The bull is signed by Bishop Francisco Pérez de Prado y Cuesta (1678-1755), Commissar General of the Holy Crusade and Grand Inquisitor. The Council and Commissariat of the Crusade (Consejo y Comisaría de Cruzada) had advisory, judicial and government powers to manage the income from the bull of the crusade on behalf of the Spanish Crown.

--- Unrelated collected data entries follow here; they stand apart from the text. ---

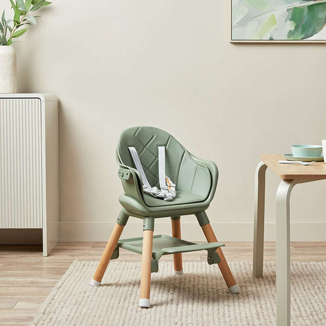Discover the versatile Macey 3-in-1 Highchair in stylish Fern green. Perfect for your dining room, it evolves from highchair to toddler seat, adapting to your child's growth. With an easy-clean PU seat and dishwasher-safe tray, mealtime is hassle-free, while its calming hue adds a touch of sophistication to any space.
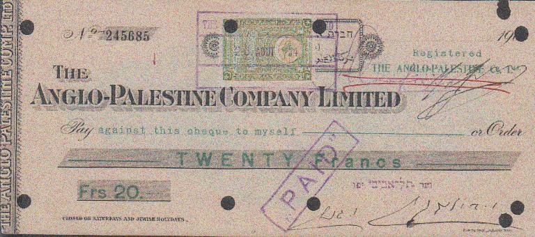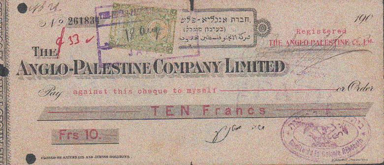 Bis 1915 gab es Anglo-Palestine Cheque Curreny ausgestellt von The Anglo-Palestine Company Limited in Francs.
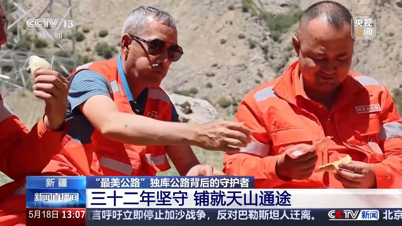 下午兩點多,亞克甫招呼大家停下來吃午飯。這幾天,亞克甫和同事們要搶在獨庫公路通車之前,把冰封了一個冬天的道路養護好。他們經常沒時間回到養護站休整,午飯也只能在路邊對付一下。
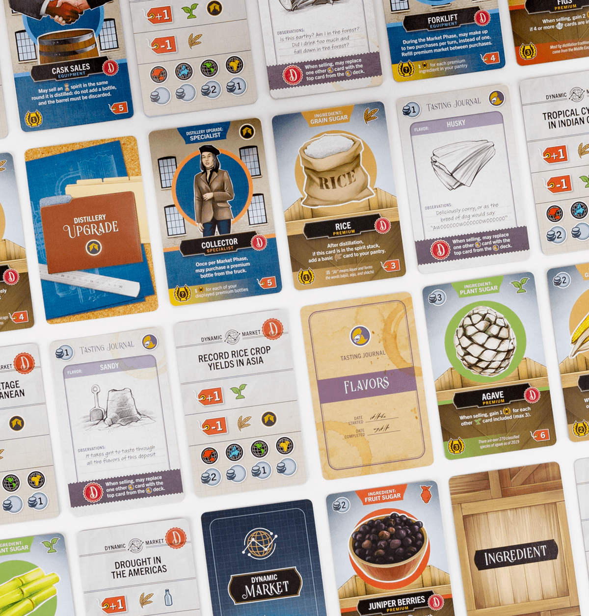 Fun Flavors and Upgrades: We've added four new unique flavor cards (with a special effect!) and four new, advanced-level Distillery Upgrades to add a bit more crunch to your engine building.
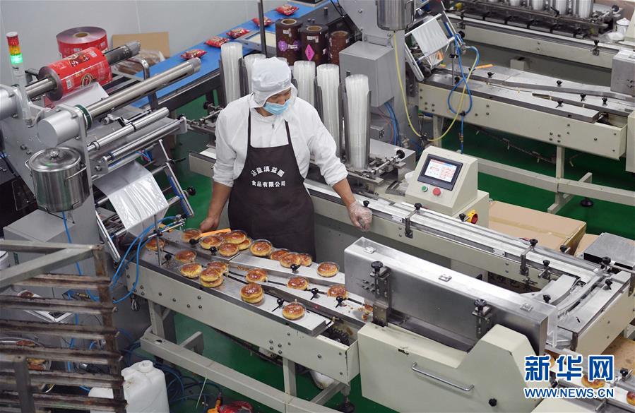6月6日,云南曲靖市沾益區(qū)一家食品公司的工人在生產(chǎn)車間制作沾益小粑粑。沾益小粑粑是云南省曲靖市沾益區(qū)一種獨(dú)具風(fēng)味的特色食品,采用優(yōu)質(zhì)上等食材,經(jīng)過20道工序精心制作而成,受到消費(fèi)者歡迎。沾益小粑粑產(chǎn)業(yè)也帶動(dòng)當(dāng)?shù)剞r(nóng)民實(shí)現(xiàn)增收。新華社記者楊宗友攝
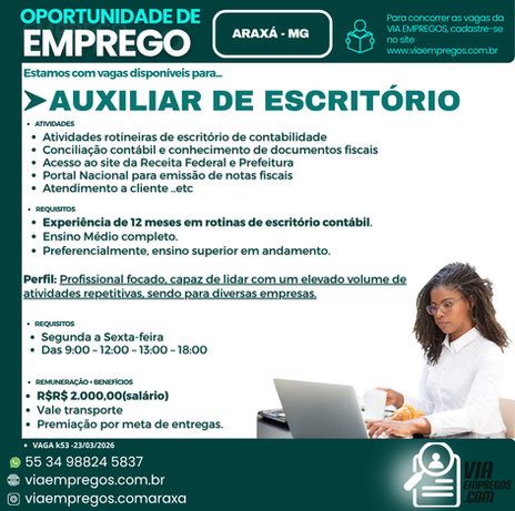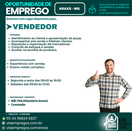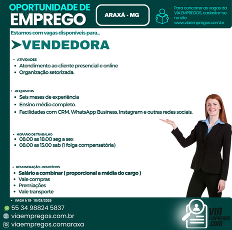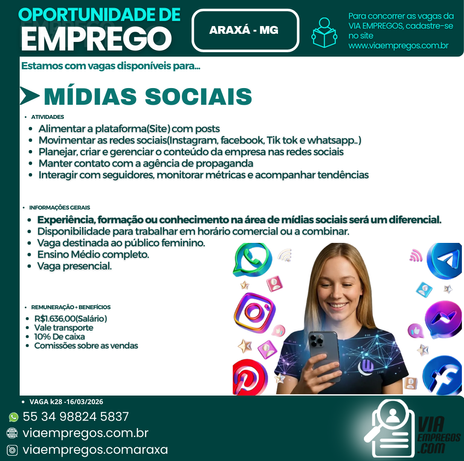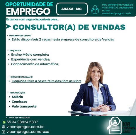 O objetivo da Via Empregos. com, é levar oportunidades , com qualidade, veracidade e orientação profissional a todos aqueles que buscarem nossos serviços. Pautamos nosso trabalho na seriedade, integridade, respeito e compromisso nos recrutamentos, seleções e encaminhamentos de pessoas para empresas parceiras em Araxá e Região .

“As the feast of Easter developed in Christian tradition, so did the festival's preparatory period, known as Lent. This involved fasting and later abstinence from certain foods, including eggs. The festal letter of Athanasius in 330 shows that the early church was practising a 40-day fast prior to Easter (also indicated in Canon V of the first Nicene Council). The fifth-century church historian Socrates Scholasticus noted, ‘Some abstain from eggs …’. Canon LVI of the Council in Trullo, 692, enjoined such abstinence: ‘It seems good therefore that the whole Church of God which is in all the world should follow one rule and keep the fast perfectly, and as they abstain from everything which is killed, so also should they from eggs and cheese, which are the fruit and produce of those animals from which we abstain.’

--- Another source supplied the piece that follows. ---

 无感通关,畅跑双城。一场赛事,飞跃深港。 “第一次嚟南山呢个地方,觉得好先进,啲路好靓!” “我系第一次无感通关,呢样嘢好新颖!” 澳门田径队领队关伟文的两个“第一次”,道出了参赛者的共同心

“By the time of the medieval theologian Thomas Aquinas (c. 1225-74), eggs, milk, and meat were all forbidden during Lent: ‘Eggs and milk foods are forbidden to those who fast, for as much as they originate from animals that provide us with flesh … Again the Lenten fast is the most solemn of all, both because it is kept in imitation of Christ, and because it disposes us to celebrate devoutly the mysteries of our redemption. For this reason the eating of flesh meat is forbidden in every fast, while the Lenten fast lays a general prohibition even on eggs and milk foods.’”(Smith, Vista Hills Church).